Il y a un marché électoral pour les désabusés du multiculturalisme et les sceptiques de l'immigration. Maxime Bernier a décidé hier que ce marché-là valait la peine de claquer la porte du parti qui l'a mis sur la mappe, au profit d'un parti à naître qu'il veut mettre sur la mappe.

Le Beauceron se dit libertarien, ce qui est une version du libre-marché à ce point pointue que le libertarisme est un peu comme le maoïsme, à gauche : une patente confidentielle à l'os. Anti-subventions, anti-aide de l'État, antiprotectionnisme agricole : disons que les idées économiques de M. Bernier sont solubles dans le Canada moderne.

C'est pourtant sur ces idées économiques qu'il a mené sa campagne au leadership conservateur en 2017. Avec succès : il a récolté près de 29 % des voix au premier tour...

Pour perdre par un poil de vache au 13e tour d'un système de vote byzantin (comme le sont bien souvent les scrutins de courses à la direction) aux mains du chef actuel, Andrew Scheer.

Et l'immigration, la « diversité », qu'il a pourfendue dans une série de messages Twitter qui ont suscité la controverse, ces derniers jours ?

Maxime Bernier n'a pas fait campagne là-dessus, l'an dernier. Son dada, c'était l'économie en général, et l'urgence de mettre un terme au protectionnisme agricole incarné par la gestion de l'offre en particulier. Mais un an plus tard, M. Bernier est le champion des sceptiques de l'immigration et du multiculturalisme « extrême » à la Trudeau. 

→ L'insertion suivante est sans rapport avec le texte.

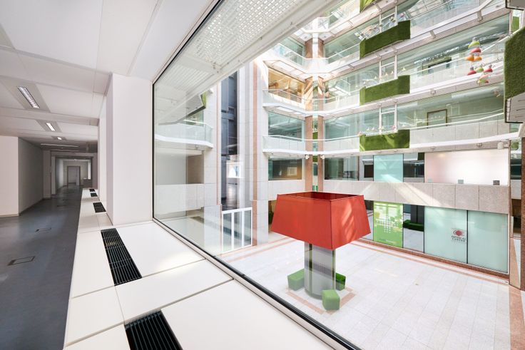 Deze lichtrijke kantoren bevinden zich op de eerste verdieping rondom twee atriums en hebben voldoende privatief sanitair en diverse liften.

À le voir tweeter ces derniers jours, on voyait bien que l'ex-ministre de l'Industrie de Stephen Harper cherchait à se faire expulser de son parti...

Il s'en est expulsé lui-même, hier, affirmant que son parti était une sorte de Parti libéral du Canada moins photogénique (mon expression), qui a trop peur de la gauche et des médias (son expression) pour remettre en question le multiculturalisme canadien.

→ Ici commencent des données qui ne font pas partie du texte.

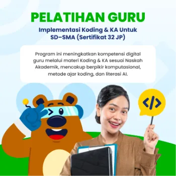 Tingkatkan kompetensi digital pendidik di sekolah dengan program pelatihan guru intensif mengenai Koding dan Kecerdasan Artifisial (KA). Pelatihan ini dirancang secara khusus berdasarkan Naskah Akademik Koding dan Kecerdasan Artifisial (KA) untuk membantu para guru menguasai konsep-konsep teknologi terkini dan mampu mengintegrasikannya secara efektif.
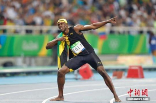 8月14日,里約奧運會田徑男子百米飛人大戰,牙買加“閃電”博爾特以9秒81的成績獲得冠軍。中新網記者 盛佳鵬 攝
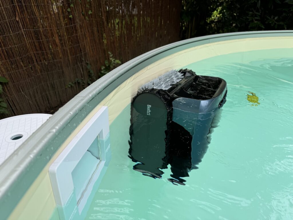 Kommen wir zur wichtigsten Frage: Wie gut reinigt der BeatBot AquaSense Pro? Die Antwort: äußerst gründlich. Der Roboter kann den Boden, die Wände und – was ihn besonders von vielen Konkurrenzprodukten abhebt – auch die Wasseroberfläche säubern. Dazu öffnet sich im „Pro-Modus“ eine Klappe an der Vorderseite des Geräts, und der BeatBot saugt mit einer beeindruckenden Leistung Blätter, Insekten und anderen Schmutz von der Wasseroberfläche auf.

Ce qui a poussé un député conservateur de la Colombie-Britannique - Todd Doherty - à lui demander sur Twitter pourquoi il n'avait jamais rien dit sur l'immigration dans les réunions de députés conservateurs.

Le député Doherty a conclu son gazouillis par deux émojis, celui d'un poulet et celui d'un tas de merde, ce qui veut dire en anglais chickenshit, ce qui signifie « peureux ».

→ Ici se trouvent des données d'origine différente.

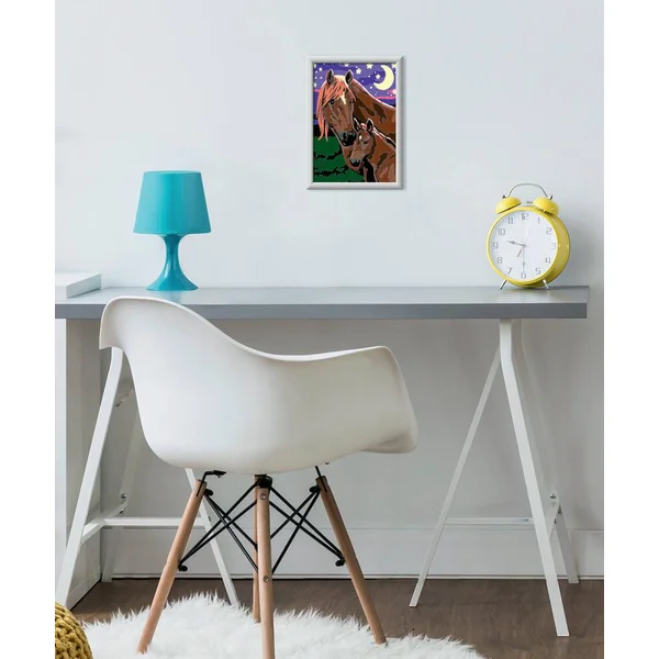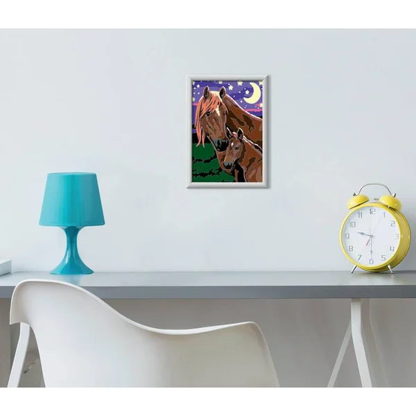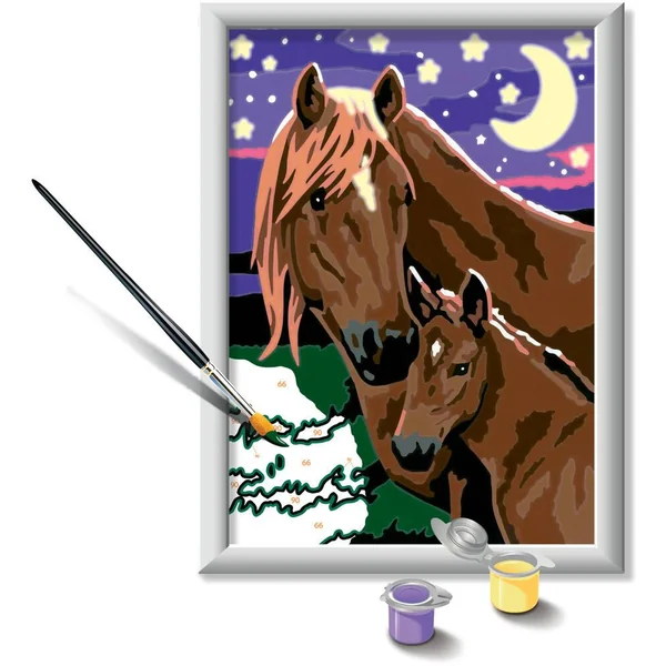 C’est facile, beau et amusant de peindre par numéro grâce aux lignes colorées pré-peintes ! Parmi les 20 visuels petits formats à peindre et à accrocher, cette jument et son poulain à la nuit tombée sauront ravir les enfants et compléter leurs collections. La peinture par numéro est même brillante dans la nuit grâce à l’ajout à la peinture phosphorescente incluse.

Quelle époque, quand même : un député fédéral qui utilise des émojis de poulet et de caca...

Que Maxime Bernier choisisse de parler d'immigration, de diversité, de frontières, de réfugiés et de multiculturalisme, c'est un choix parfaitement légitime.

Ces questions-là n'ont pas à être dans le coffre-fort national, intouchables.

Et beaucoup de Canadiens ont des choses à dire là-dessus. Ce ne sont pas tous des racistes, tant s'en faut. Mais aucun parti national n'a vraiment envie de parler sérieusement de ces enjeux. Maxime Bernier a décidé de le faire, dans son nouveau parti.

Pour le politicien Maxime Bernier, inamovible dans sa circonscription, ce choix est sans risques : les gens de Beauce l'adorent, comme en font foi ses majorités de calibre nord-coréen de 2006, 2008, 2011 et 2015. On le sent bien, M. Bernier pourrait se convertir au maoïsme que les Beaucerons voteraient encore pour lui. 

Ils ont toujours voté pour lui, même après des déboires comme la distribution des Jos Louis en Afghanistan ou son expulsion du cabinet Harper après cette cocasse histoire de documents secrets oubliés chez une copine...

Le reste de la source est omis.